[Task to complete] Print exactly the lines below between the line containing "sosyal, ekonomik, toplumsal, kültürel, siyasal, sanatsal" and the line containing "Danach folgen einige", counting both of those lines. Leave pictures out.

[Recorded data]
· · · · · · ·

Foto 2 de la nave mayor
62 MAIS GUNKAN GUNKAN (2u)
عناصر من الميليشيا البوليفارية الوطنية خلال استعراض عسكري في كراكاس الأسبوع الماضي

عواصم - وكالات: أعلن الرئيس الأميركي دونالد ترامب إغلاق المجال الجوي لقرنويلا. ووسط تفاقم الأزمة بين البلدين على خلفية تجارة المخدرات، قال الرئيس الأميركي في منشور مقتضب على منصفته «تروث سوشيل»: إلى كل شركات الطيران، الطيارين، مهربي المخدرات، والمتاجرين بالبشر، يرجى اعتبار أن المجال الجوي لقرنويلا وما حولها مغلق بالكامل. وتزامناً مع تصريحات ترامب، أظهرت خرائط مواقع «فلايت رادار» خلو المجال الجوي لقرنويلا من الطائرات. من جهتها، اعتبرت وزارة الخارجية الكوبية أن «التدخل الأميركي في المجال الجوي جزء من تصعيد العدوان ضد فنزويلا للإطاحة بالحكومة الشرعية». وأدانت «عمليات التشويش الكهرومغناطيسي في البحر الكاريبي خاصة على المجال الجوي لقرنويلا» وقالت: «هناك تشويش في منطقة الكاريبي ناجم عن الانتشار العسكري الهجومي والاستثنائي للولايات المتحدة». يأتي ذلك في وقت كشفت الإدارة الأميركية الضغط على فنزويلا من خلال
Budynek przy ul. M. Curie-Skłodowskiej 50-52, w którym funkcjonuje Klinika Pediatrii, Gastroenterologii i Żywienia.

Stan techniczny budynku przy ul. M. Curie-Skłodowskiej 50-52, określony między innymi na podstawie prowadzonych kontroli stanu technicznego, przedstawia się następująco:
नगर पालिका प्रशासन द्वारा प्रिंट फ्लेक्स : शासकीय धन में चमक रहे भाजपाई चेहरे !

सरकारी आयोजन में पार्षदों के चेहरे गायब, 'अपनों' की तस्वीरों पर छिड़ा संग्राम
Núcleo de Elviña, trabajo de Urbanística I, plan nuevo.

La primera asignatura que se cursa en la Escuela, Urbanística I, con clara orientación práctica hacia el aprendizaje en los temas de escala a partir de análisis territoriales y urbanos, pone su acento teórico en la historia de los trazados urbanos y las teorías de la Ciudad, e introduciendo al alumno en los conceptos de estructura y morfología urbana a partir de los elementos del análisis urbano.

· · · · · · ·

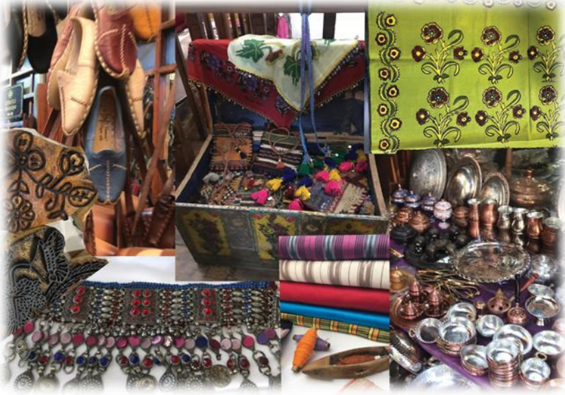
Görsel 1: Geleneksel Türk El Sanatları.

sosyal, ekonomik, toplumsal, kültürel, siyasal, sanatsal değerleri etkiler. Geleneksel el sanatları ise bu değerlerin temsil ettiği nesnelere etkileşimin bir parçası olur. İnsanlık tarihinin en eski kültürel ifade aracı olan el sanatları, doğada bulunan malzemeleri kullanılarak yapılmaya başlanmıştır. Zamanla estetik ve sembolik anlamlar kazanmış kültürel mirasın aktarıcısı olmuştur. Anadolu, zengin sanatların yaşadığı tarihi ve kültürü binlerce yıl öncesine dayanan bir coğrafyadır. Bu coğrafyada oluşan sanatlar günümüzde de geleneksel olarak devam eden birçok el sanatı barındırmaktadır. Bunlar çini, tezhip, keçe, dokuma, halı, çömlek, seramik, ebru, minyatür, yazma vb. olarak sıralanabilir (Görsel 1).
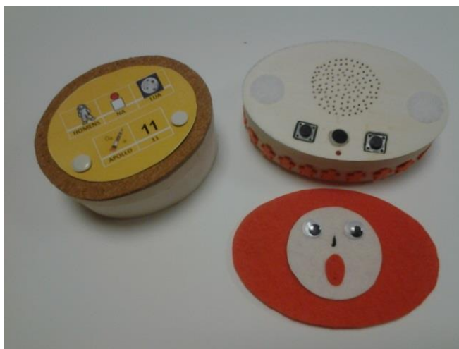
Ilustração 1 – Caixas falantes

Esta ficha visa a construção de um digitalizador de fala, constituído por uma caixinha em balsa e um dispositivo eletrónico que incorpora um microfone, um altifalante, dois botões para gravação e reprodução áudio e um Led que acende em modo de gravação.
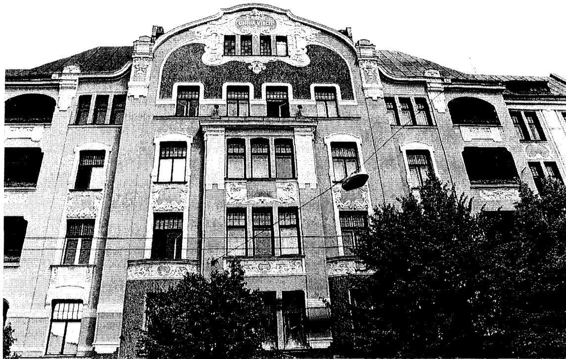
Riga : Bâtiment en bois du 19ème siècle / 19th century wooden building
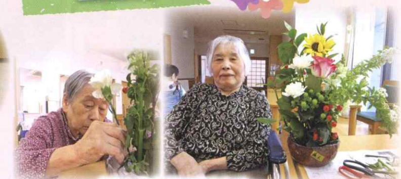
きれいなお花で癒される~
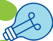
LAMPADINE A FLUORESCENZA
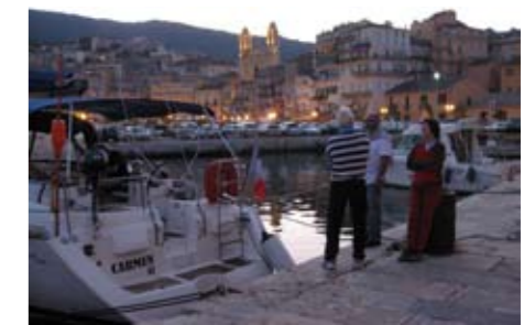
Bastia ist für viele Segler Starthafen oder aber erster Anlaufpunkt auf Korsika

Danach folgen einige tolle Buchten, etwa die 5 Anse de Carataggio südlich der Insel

· · · · · · ·

[Expected answer]
sosyal, ekonomik, toplumsal, kültürel, siyasal, sanatsal değerleri etkiler. Geleneksel el sanatları ise bu değerlerin temsil ettiği nesnelere etkileşimin bir parçası olur. İnsanlık tarihinin en eski kültürel ifade aracı olan el sanatları, doğada bulunan malzemeleri kullanılarak yapılmaya başlanmıştır. Zamanla estetik ve sembolik anlamlar kazanmış kültürel mirasın aktarıcısı olmuştur. Anadolu, zengin sanatların yaşadığı tarihi ve kültürü binlerce yıl öncesine dayanan bir coğrafyadır. Bu coğrafyada oluşan sanatlar günümüzde de geleneksel olarak devam eden birçok el sanatı barındırmaktadır. Bunlar çini, tezhip, keçe, dokuma, halı, çömlek, seramik, ebru, minyatür, yazma vb. olarak sıralanabilir (Görsel 1).
Ilustração 1 – Caixas falantes

Esta ficha visa a construção de um digitalizador de fala, constituído por uma caixinha em balsa e um dispositivo eletrónico que incorpora um microfone, um altifalante, dois botões para gravação e reprodução áudio e um Led que acende em modo de gravação.
Riga : Bâtiment en bois du 19ème siècle / 19th century wooden building
きれいなお花で癒される~
LAMPADINE A FLUORESCENZA
Bastia ist für viele Segler Starthafen oder aber erster Anlaufpunkt auf Korsika

Danach folgen einige tolle Buchten, etwa die 5 Anse de Carataggio südlich der Insel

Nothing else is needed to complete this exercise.